Conversational AI is reshaping mobile apps by enabling voice-driven, real-time interactions between users and intelligent systems. From customer support assistants to AI language tutors, voice conversational AI on iOS unlocks a wide range of innovative use cases. In this tutorial, we’ll walk you through creating a Conversational AI for iOS using ZEGOCLOUD’s Conversational AI SDK. By the end, you’ll have a working prototype that supports natural conversation on iPhone devices, including speech recognition, LLM-generated replies, and text-to-speech output.
Conversational AI for iOS Built by ZEGOCLOUD
ZEGOCLOUD provides a complete conversational AI solution for iOS apps. It helps developers build voice interactions that can understand speech, generate replies, and speak responses back to the user. The SDK includes speech recognition, LLM-based reasoning, and text-to-speech, so you can connect all parts into a smooth conversation experience on iPhone.
The solution captures voice, converts it to text, sends the message to an AI model, and returns a clear response. It is designed to work with native iOS projects, and supports flexible expansion based on your app’s needs.
You can adjust prompts, change the AI model, design your own UI, or refine dialog logic.
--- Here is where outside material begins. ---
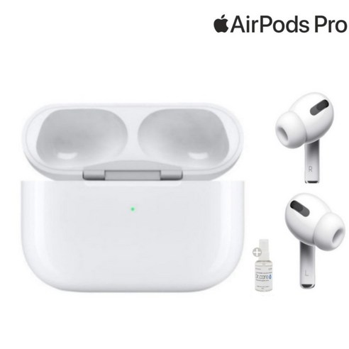 에어팟프로 유닛과 맥세이프 충전 케이스를 개별로 구매할 수 있는 구성으로 분실 시 교체용으로 적합하며, 손소독제 사은품이 함께 제공된다.
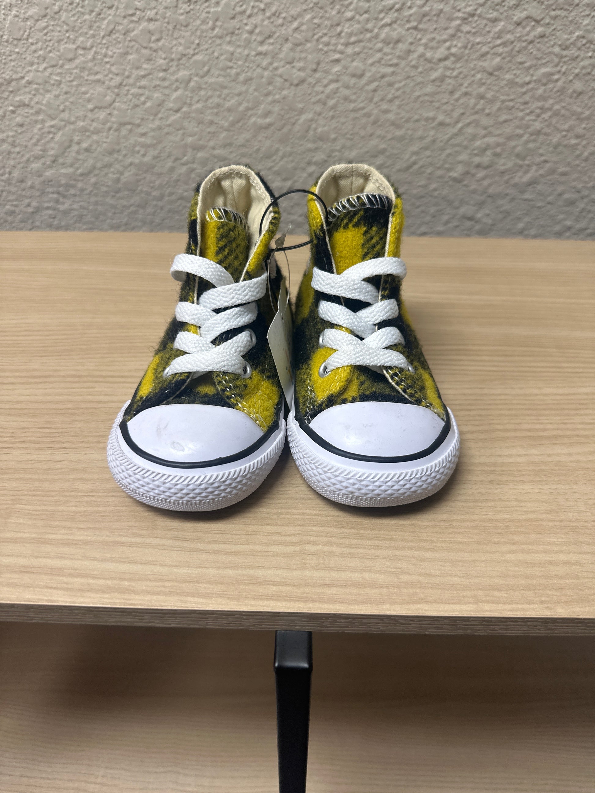 Converse Chuck Taylor All Star high-top toddler sneakers in a black and yellow plaid/flannel size 4c

Whether you want to create an assistant, a language coach, or a voice companion, ZEGOCLOUD offers the core tools to build conversational AI features on iOS.
Download Complete Source Code
Get the full working examples from GitHub:
| Component | Repository |
|---|---|
| Backend Server + Web Client | github.com/ZEGOCLOUD/blog-aiagent-server-and-web |
| iOS Client | github.com/ZEGOCLOUD/blog-aiagent-ios |
Prerequisites
Before we begin building our conversational AI software for iOS, make sure you have:
- Xcode 15 or later
- A ZEGOCLOUD Console account
- Basic knowledge of Swift and iOS development
- Your backend server is ready (we’ll use Next.js deployed on Vercel)
Architecture Overview
Before diving into implementation, let’s understand how ZEGOCLOUD’s Conversational AI works and why we need both a server and a client.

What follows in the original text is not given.